In other words, we don't want to be in a situation where we
choose a unit vector at this point to go outside, outward,
and then at the nearby point to make it go inside,
that wouldn't be smooth.
So when we talk about normal vector fields, we mean that
we want it to vary in a smooth way.
So that's what this m Is, m this formula.
This m is the unit normal vector field.
And then I will emphasize very smoothly along m.
That vector field is called orientation.
I would like to contrast this to the notion of
orientation of a curve.
In the case of a curve, if you have a curve going from point a
to point b, we talked each orientation as a direction
along the curve.
And if the curve has boundary points, specifying orientation
is the same as specifying which one is the initial point and
which one is the end point.
So here, this would be the initial point, this
would be the end point.
If the curve does not have a boundary, for example, a
circle, we could say it's counterclockwise or
it's clockwise.
But let's look at this one which have end points,
it has a boundary.
In this case, by analogy to this, we observe that actually
in this case there are also two possible orientations -- we
can go this way or we can go th that way.
So there's a lot of similarity with the notion of orientation
for curves and surfaces.
The main difference is that orientation for a curve
goes along the curve -- you go with the flow.
And here, you also go with the flow, but the point is that the
flow goes across the surface usually.
You can't flow along the surface.
Suppose you can maybe, but it makes much more sense to
flow across the surface.
As I explained you could have a pipe, you know, and this would
be a membrane, which kind of covers this pipe, and you would
be measuring the amount of fluid which passes through it.
So it's much more natural to talk about orientation
across rather than along in the case of surfaces.

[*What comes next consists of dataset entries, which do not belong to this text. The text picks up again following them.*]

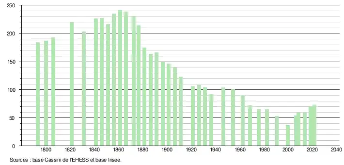 L'évolution du nombre d'habitants est connue à travers les recensements de la population effectués dans la commune depuis 1793. Pour les communes de moins de 10 000 habitants, une enquête de recensement portant sur toute la population est réalisée tous les cinq ans, les populations légales des années intermédiaires étant quant à elles estimées par interpolation ou extrapolation[26]. Pour la commune, le premier recensement exhaustif entrant dans le cadre du nouveau dispositif a été réalisé en 2008[27].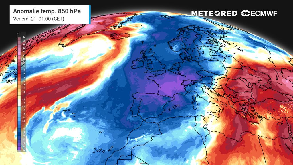 Negli ultimi giorni abbiamo registrato anomalie termiche positive diffuse, con massime ben oltre la media stagionale: localmente fino a +5°C. Con un terreno ancora caldo, mari relativamente tiepidi e tanta umidità nei bassi strati, l’ingresso di aria artica farà scattare una serie di “effetti collaterali”: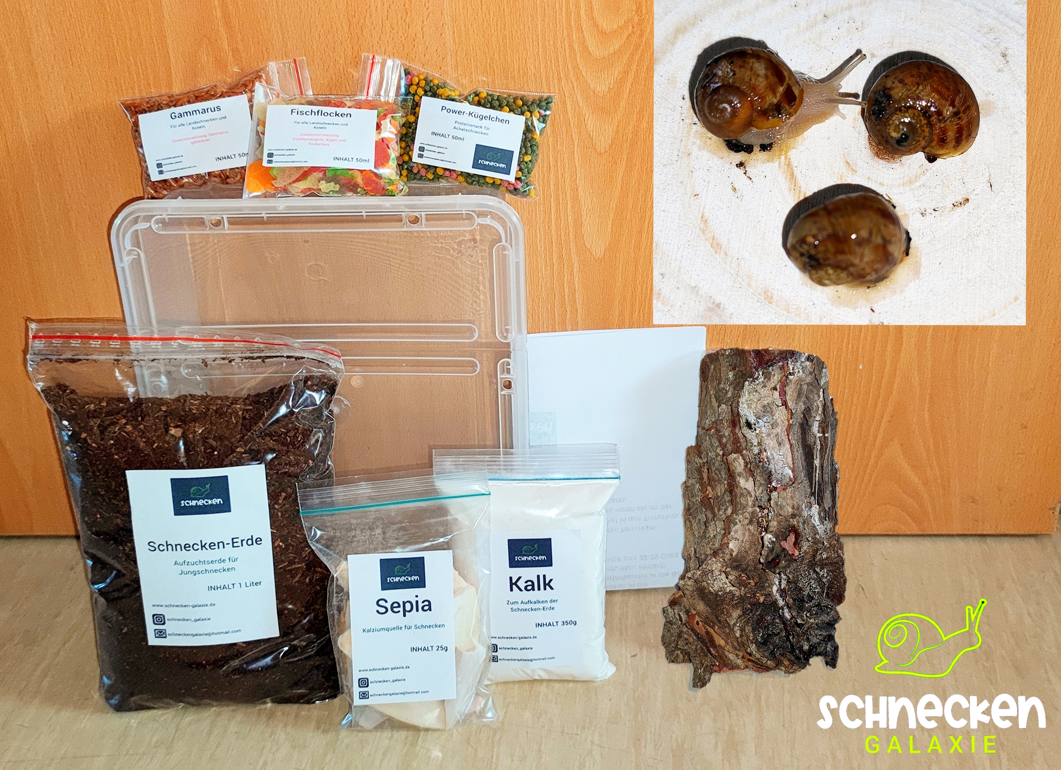 Hier erhaltet Ihr ein komplettes Starterset mit 3 Jungtieren der Art Cornu aspersum maxima. Dies ermöglicht euch den Einstieg in die Schneckenhaltung, so könnt ihr selbst zusehen wie eure Schnecken wachsen. Das Set enthält alles was man für den Anfang benötigt. Ideal für Einsteiger und Kinder geeignet mit ausführlicher Anleitung.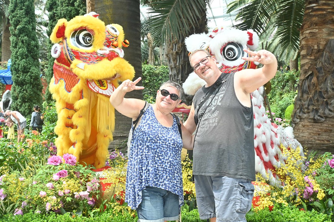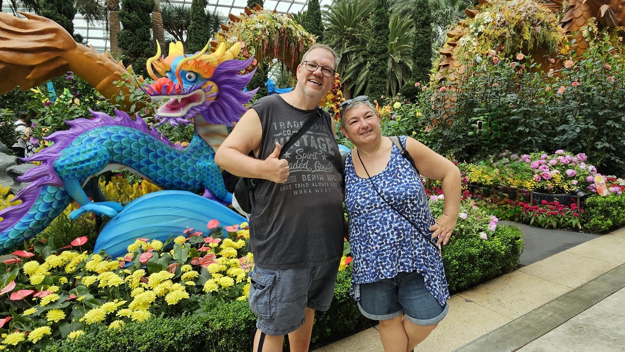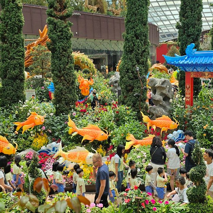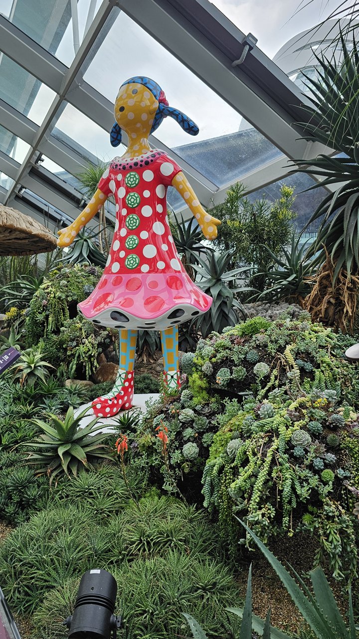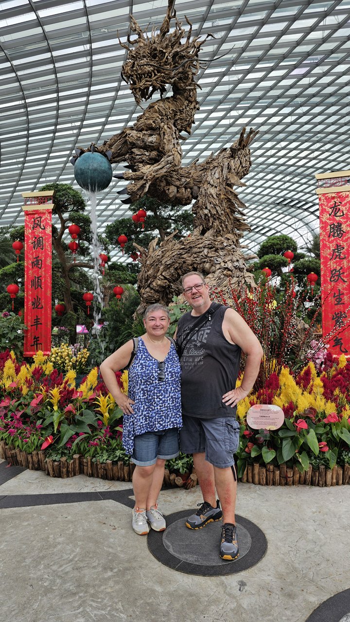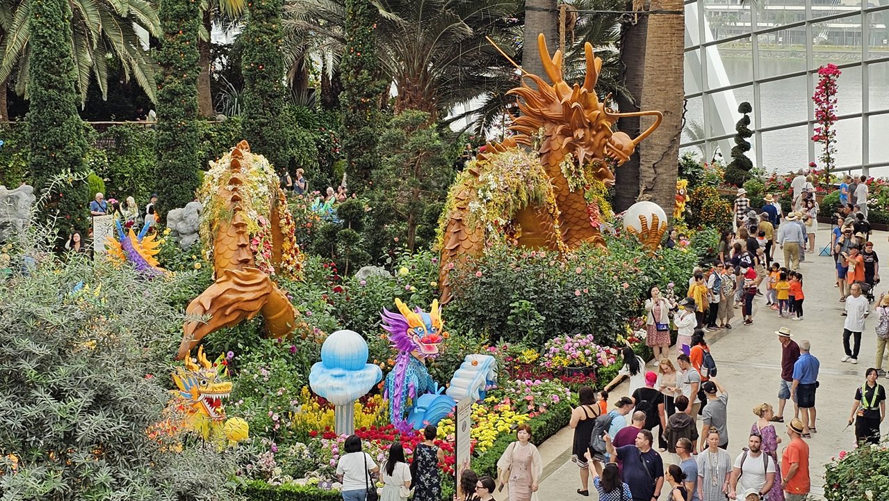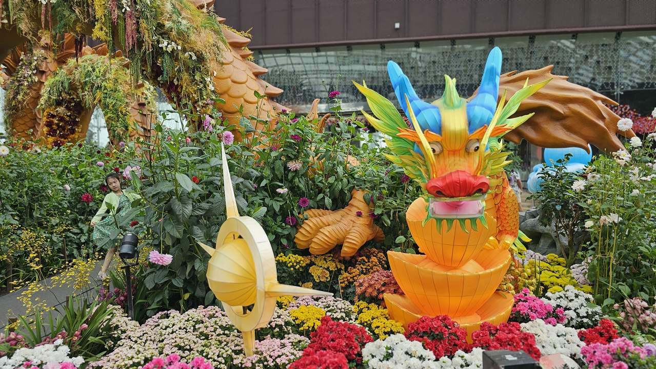 Die Blumen- und Pflanzenschau sowie die Dekoration wird einmal pro Quartal – je nach Jahreszeit – verändert. Daher sieht der Flower Dome immer etwas anders aus. Aktuell gibt es eine Sonderausstellung mit farbenprächtigen Dahlien: Dahlia Dreams 🌺. Und zusätzlich sind noch kunstvolle Drachen integriert, als Besonderheit zum chinesischen Neujahr des Drachen, das dieses Jahr zelebriert wurde.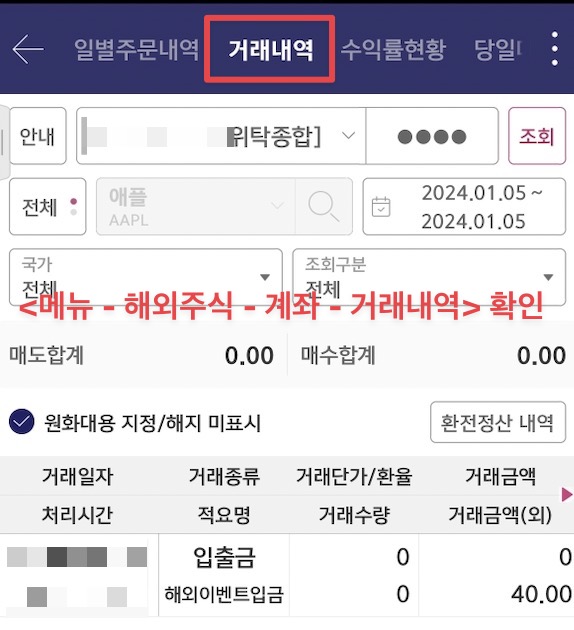 메뉴 - 해외주식 - 계좌 - 거래내역에서 확인할 수 있습니다.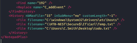 We now know there is a share in IT name Carl.  We know this from \\HTB-NEST\Secure$\IT\Carl\Temp.txt at the end of that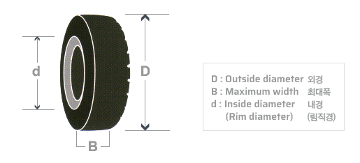 | TYPE OF TIRE(구분) | HOW TO INDICATE(규격표시방법) | EXAMPLE(예) |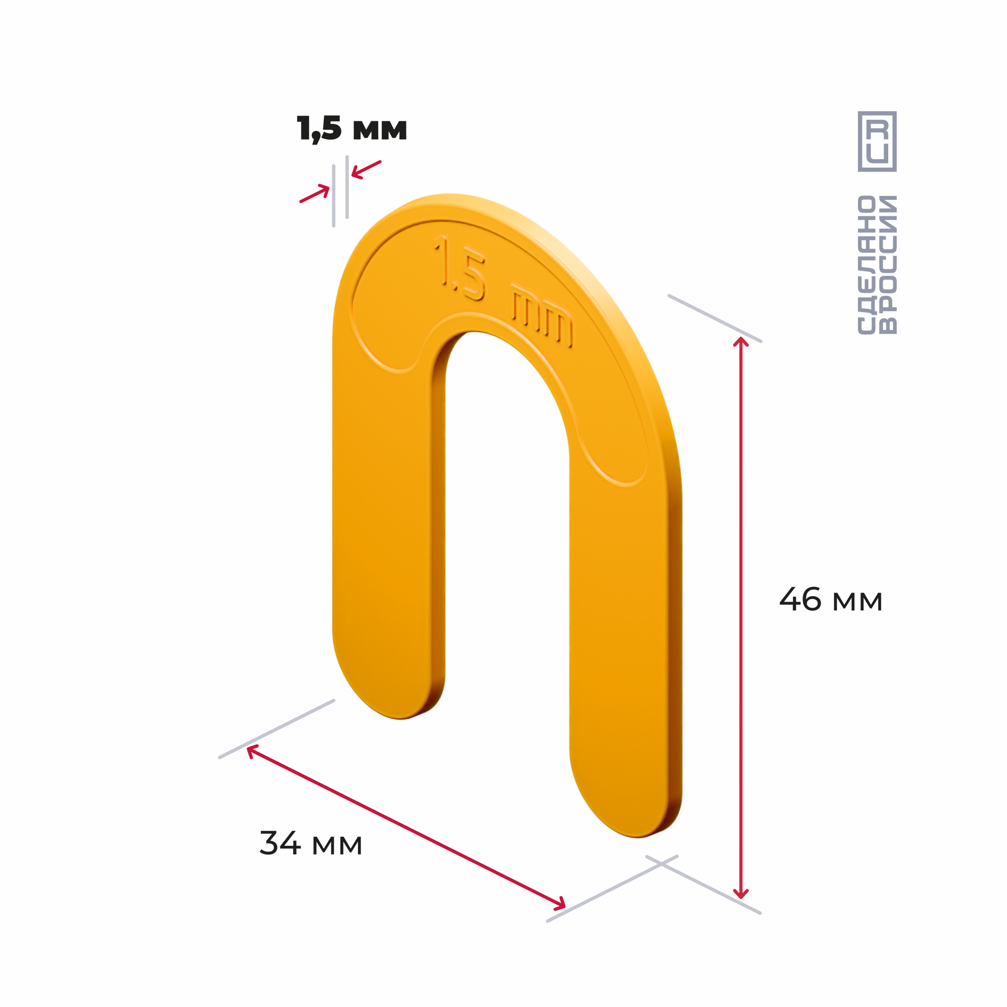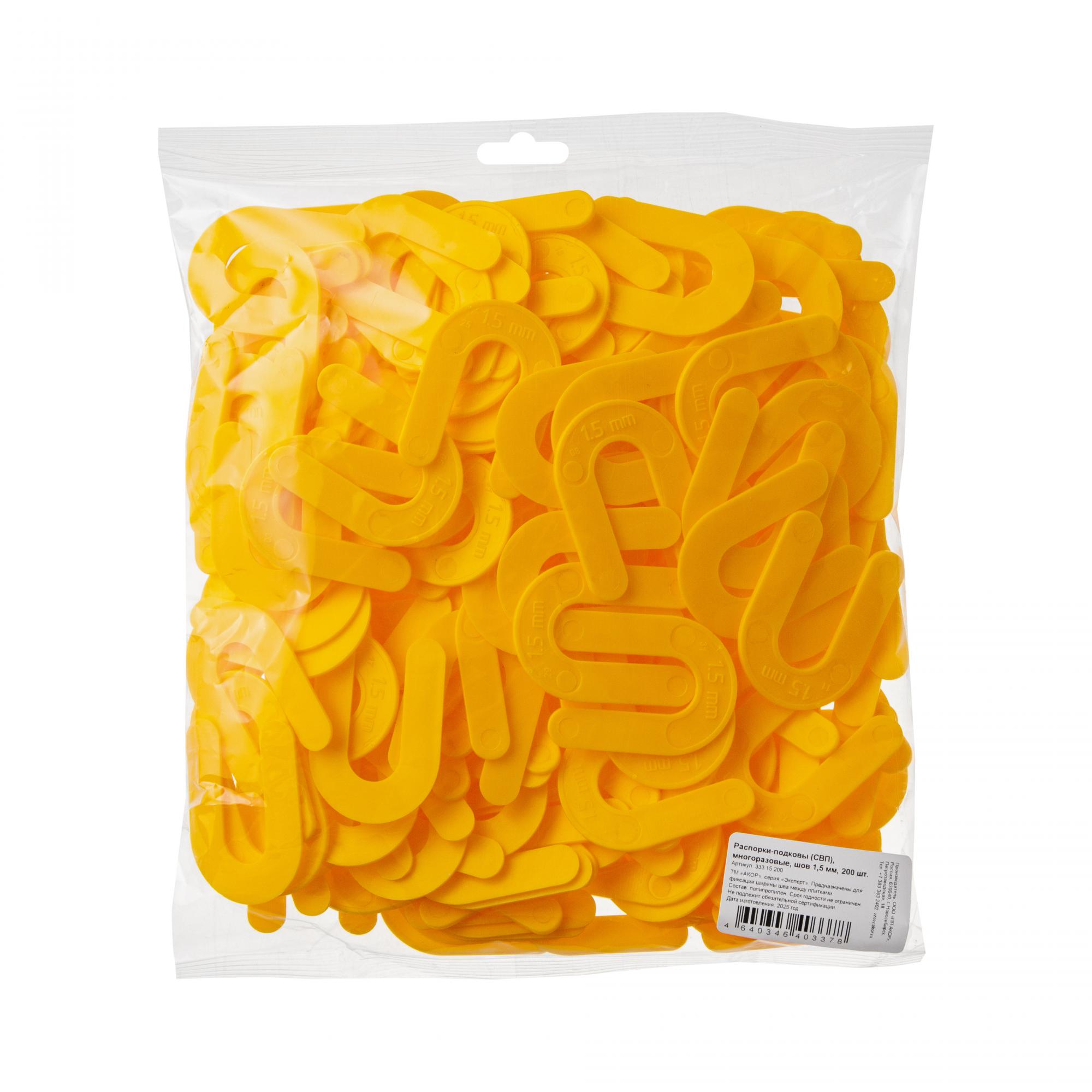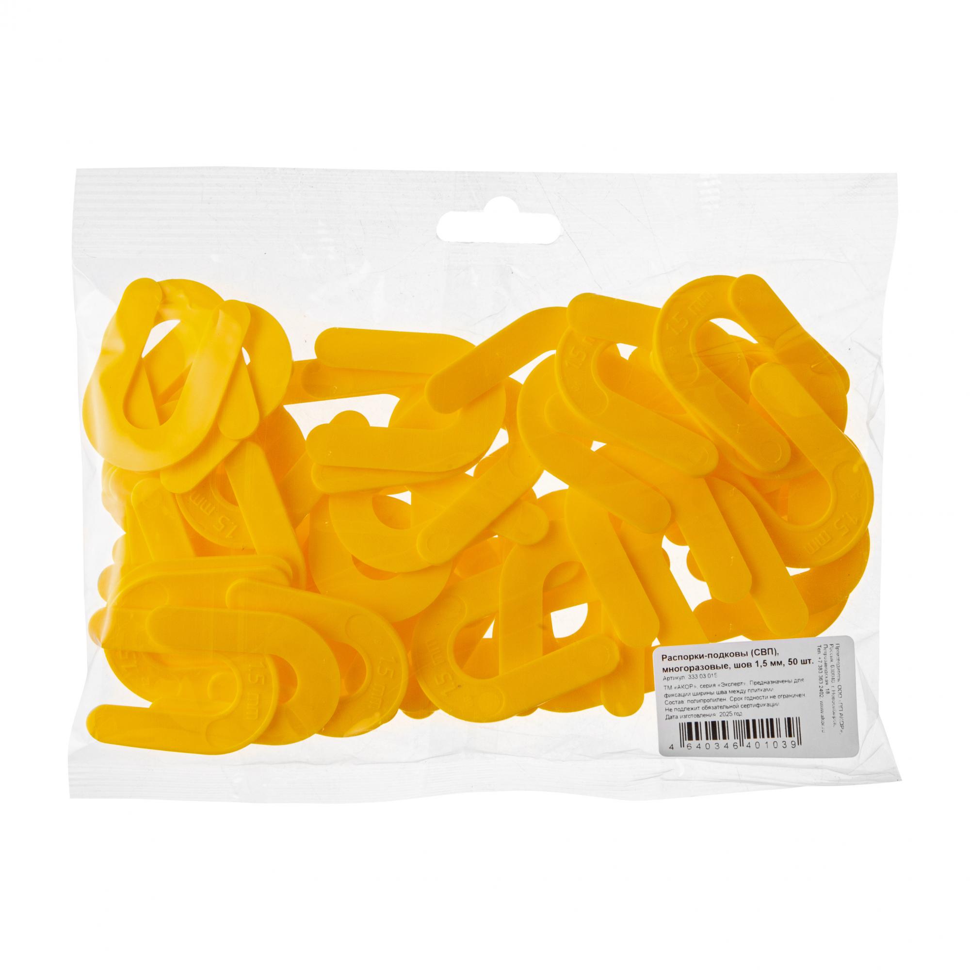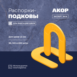 Желтые многоразовые распорки в форме подковы. Используются для швов шириной в 1,5 мм. Распорки-подковы крупные, что позволяет легко извлечь их после того, как схватится клей. Подходят для плитки, керамогранита и мрамора. Могут использоваться для всех видов швов. Упакованы в пакетики по 50, 100 и 200 штук.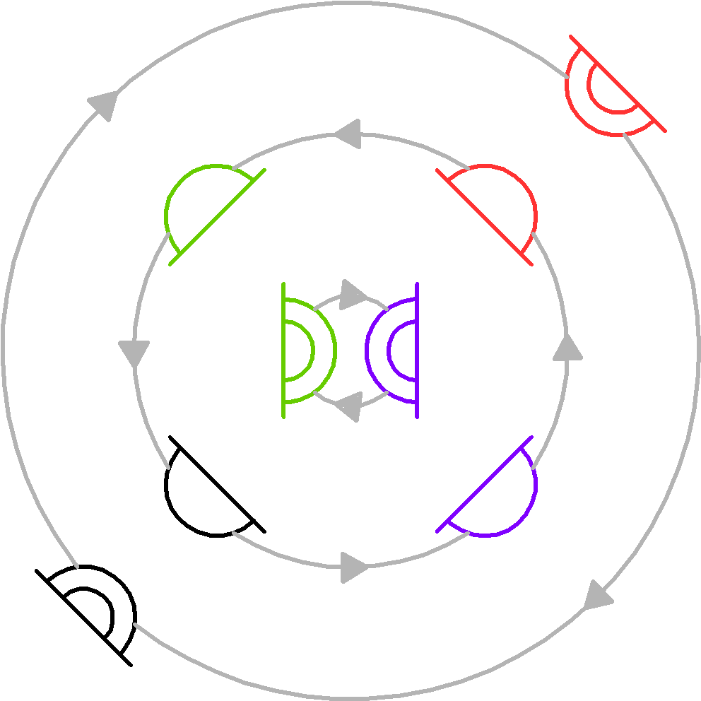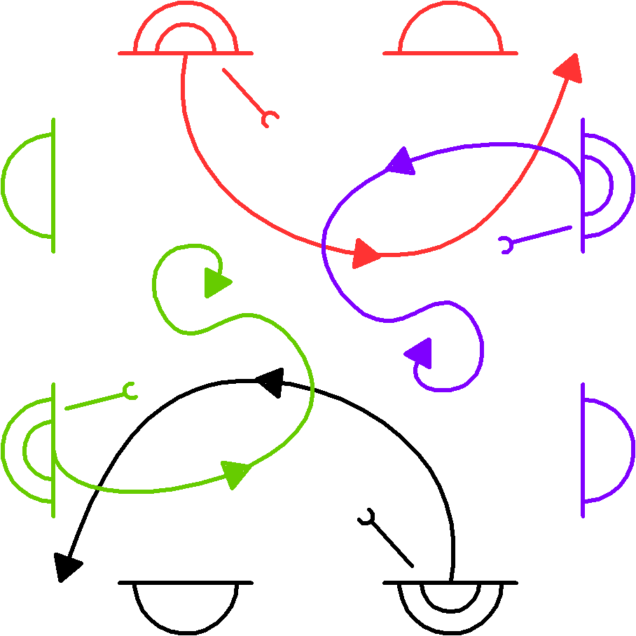 Такты 1-4. На 6 dCt+As все пары в открытой позиции вращаются по часовой стрелке (кавалеры идут вперед, дамы — чуть назад). При этом главные пары вращаются на 1.5 оборота, а боковые — на один.

Unlike curves where we should be going along
means a lot more sense.
So this is one important difference between orientation
for curves and surfaces.
There is a similarity, right -- there's a similarity that's in
both cases, two choices, so here there are two choices.
Here there are two choices.
And in this case, there are also two choices.
One indicated in white, and one indicated in red.
And if you think about it once you choose it at one point,
then basically there is no choice at nearby points,
because you have to very smoothly, so you know nearby
would be like this, nearby would be like this, like this,
like this, because you don't allow jumps.
If you don't allows jump, once you know it's at one point,
once you specified at one point of your surface, you
know it everywhere.
But then the question is can we actually define it everywhere
in a consistent way.
And this is, here we kind of get surprised because in the
case of a curve there are always orientations.
For any curve you can always choose two orientations, one
goes this way, one goes that way.
But in the case of surfaces, it actually exists surfaces which
have none, which don't have any orientation.
And this Is actually kind of cool.
You must have heard about Meryl Streep, right.
Have your heard about Meryl Streep?
Yes, OK.
So here is a little demonstration for you.
So, we need a close-up.
Sometimes I'm delayed so that's why I'm saying it and I'm
waiting for a few seconds.
So here is a surface, I mean this is a surface, and I
colored it in two ways -- on one side it's white, on the
other side it's pink, OK.
So now what I'm going to do is I'm going to make a surface, I
could glue a surface out of it in different ways.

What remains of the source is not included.